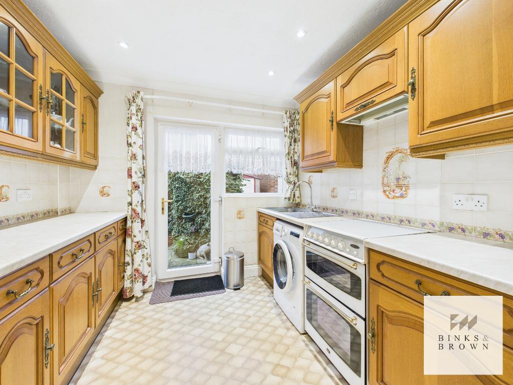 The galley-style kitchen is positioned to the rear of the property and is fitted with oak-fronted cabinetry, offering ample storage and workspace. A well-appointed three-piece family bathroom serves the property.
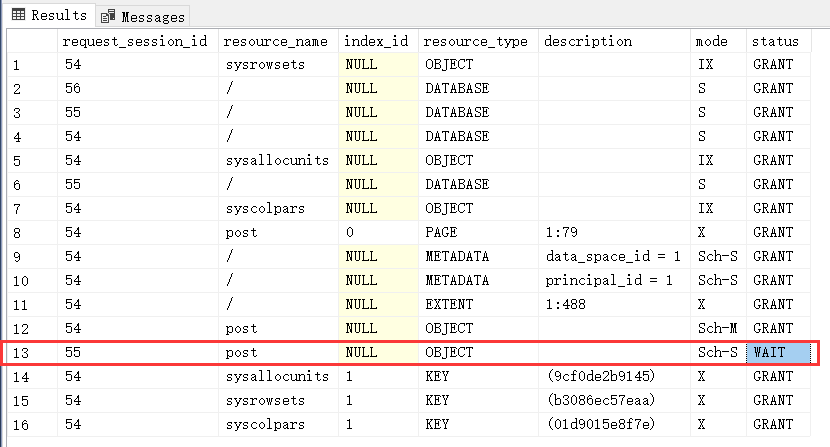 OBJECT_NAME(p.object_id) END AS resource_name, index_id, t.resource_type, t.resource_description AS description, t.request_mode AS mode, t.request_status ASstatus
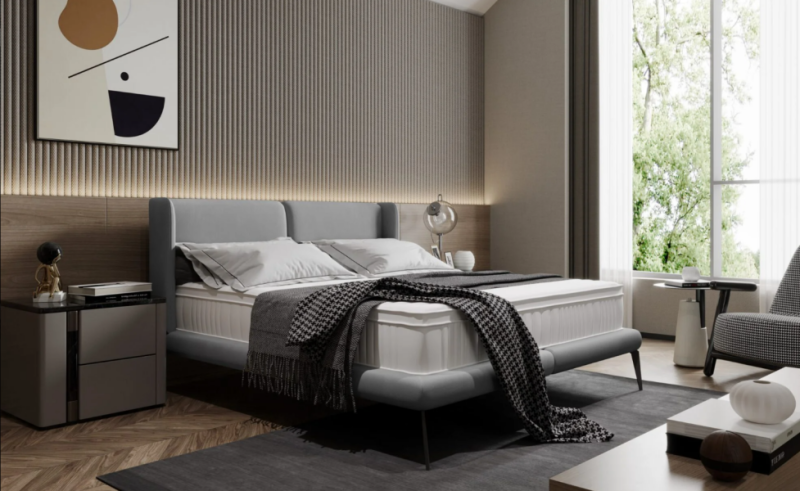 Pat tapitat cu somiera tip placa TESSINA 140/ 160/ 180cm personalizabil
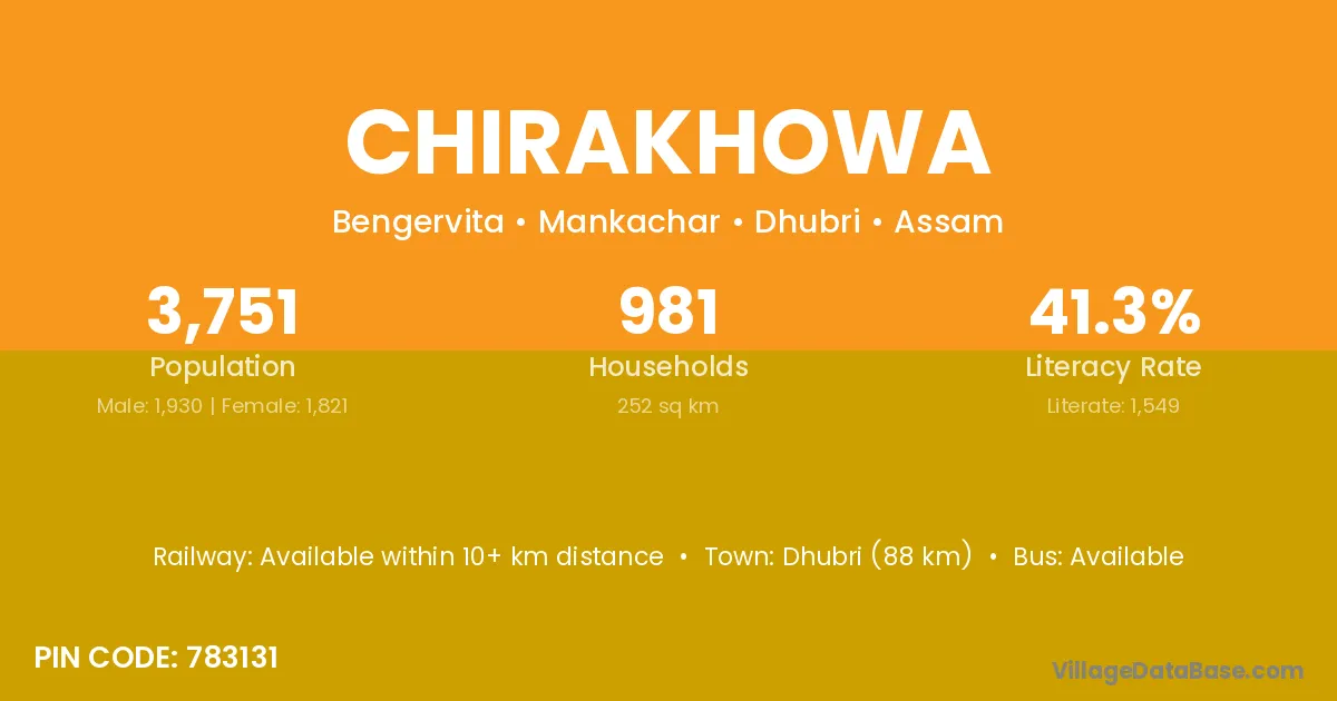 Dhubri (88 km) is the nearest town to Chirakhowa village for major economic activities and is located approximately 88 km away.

■ **PROBLEM REQUIREMENTS**:
Leaving out the pictures, transcribe the material above exactly.

■ **ANSWER**:
 The galley-style kitchen is positioned to the rear of the property and is fitted with oak-fronted cabinetry, offering ample storage and workspace. A well-appointed three-piece family bathroom serves the property.
 OBJECT_NAME(p.object_id) END AS resource_name, index_id, t.resource_type, t.resource_description AS description, t.request_mode AS mode, t.request_status ASstatus
 Pat tapitat cu somiera tip placa TESSINA 140/ 160/ 180cm personalizabil
 Dhubri (88 km) is the nearest town to Chirakhowa village for major economic activities and is located approximately 88 km away.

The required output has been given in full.